**WORK TO COMPLETE:** Find how many lines below hold "Пастухова", then state that number by itself.

**DATA EXTRACT:**

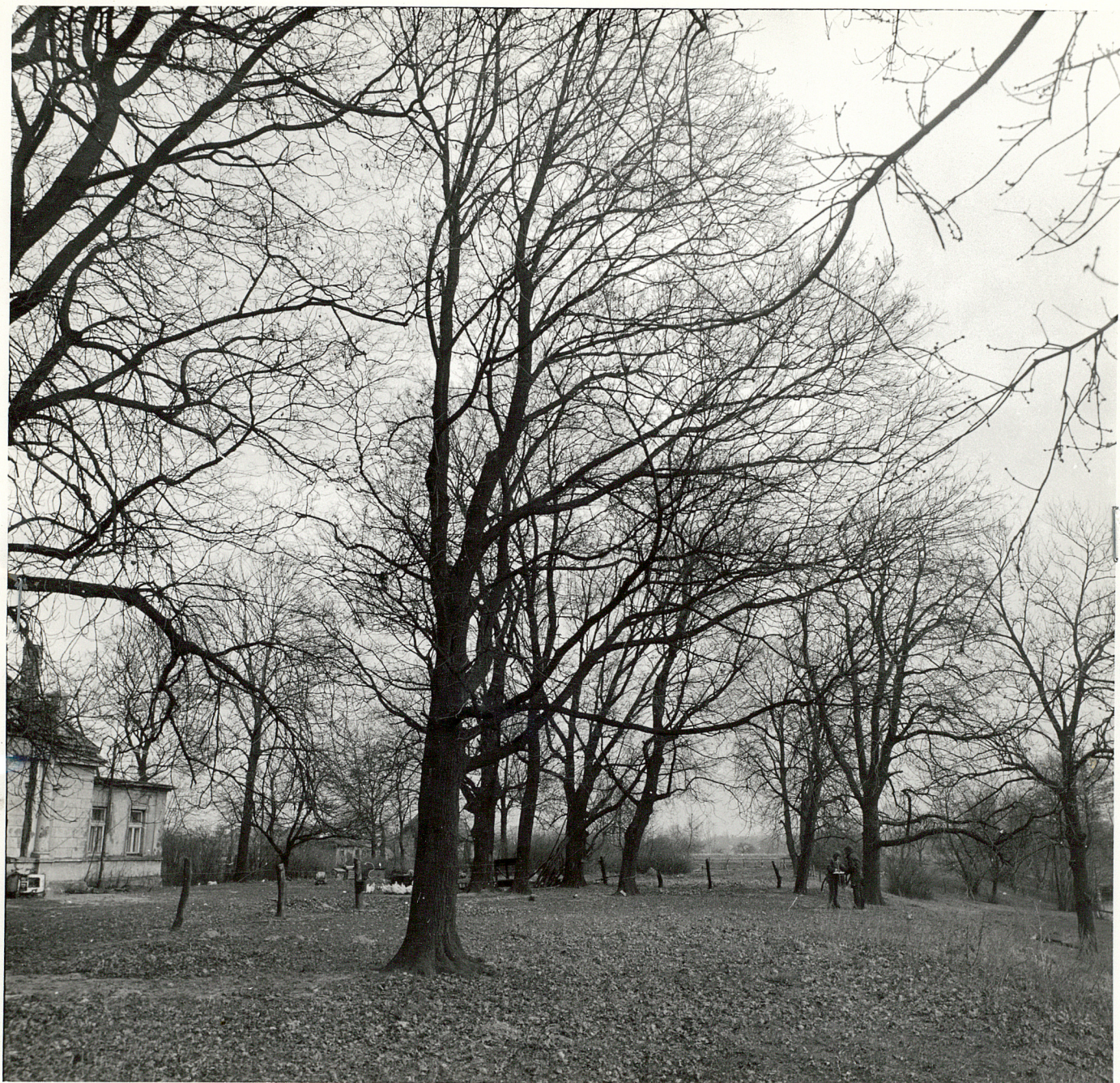
Fot. 4 FRAGMENT ZACHOWANEGO STARODRZEWIA
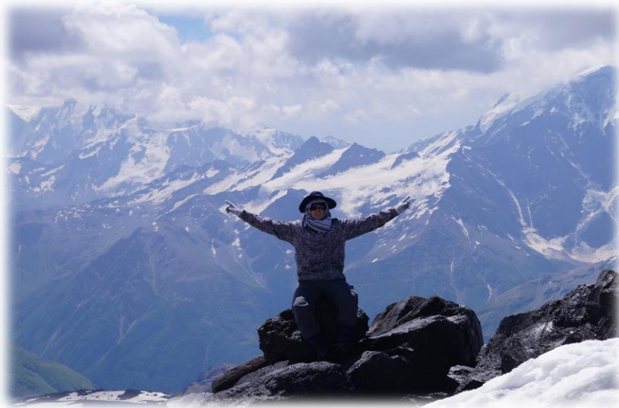
Рис.15 – на скалах Пастухова, 4600 м.

Продолжаем акклиматизационные вылазки. Необходимое снаряжение в рюкзак, рюкзак на себя, выдвигаемся! Поднимаемся до скал Пастухова.
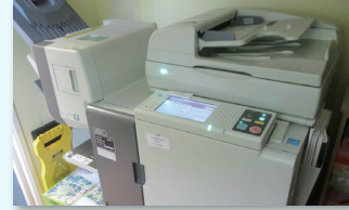
「オルフィス」でコストを抑えたフルカラー 印刷
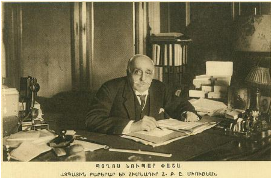
Արեւմտեան Հայաստանի Ազգային Խորհուրդի Նախագահ Պօղոս Նուպար
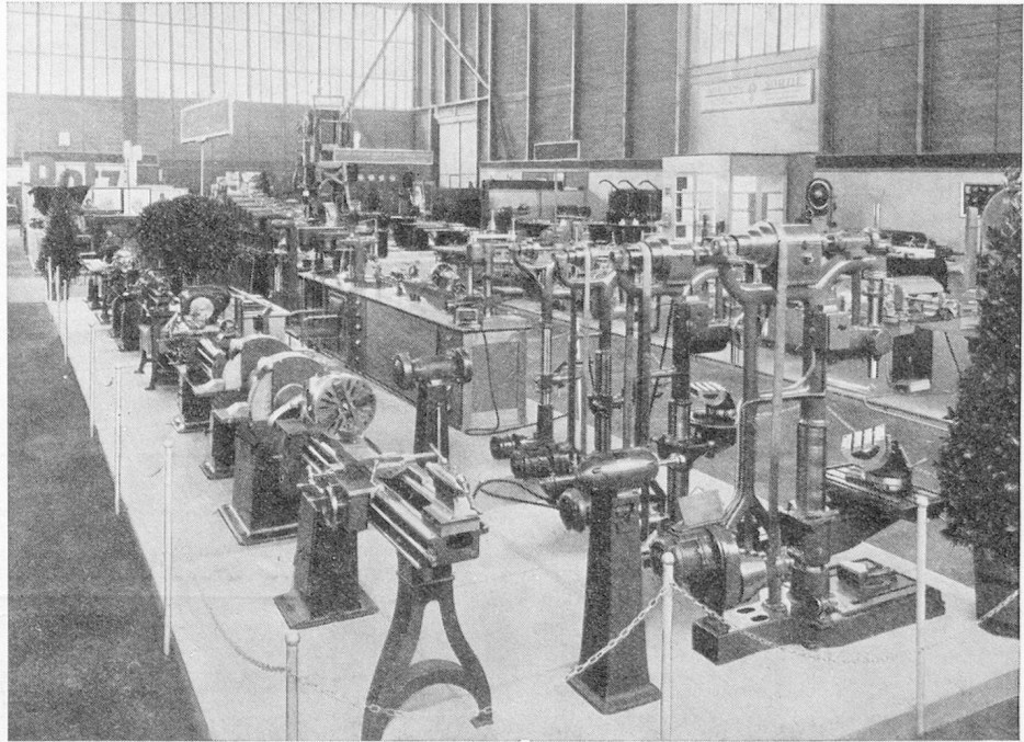
Exposition des machines-outils

Ajoutons enfin, — autre preuve de la considération internationale dont la Foire Suisse d'Echantillons est l'objet, — que dix-huit Etats européens accordent d'importantes réductions de leurs tarifs de transport aux visiteurs de la Foire. Les offices de représentation de la Foire Suisse d'Echantillons

**RESULT FOR THIS TASK:** 2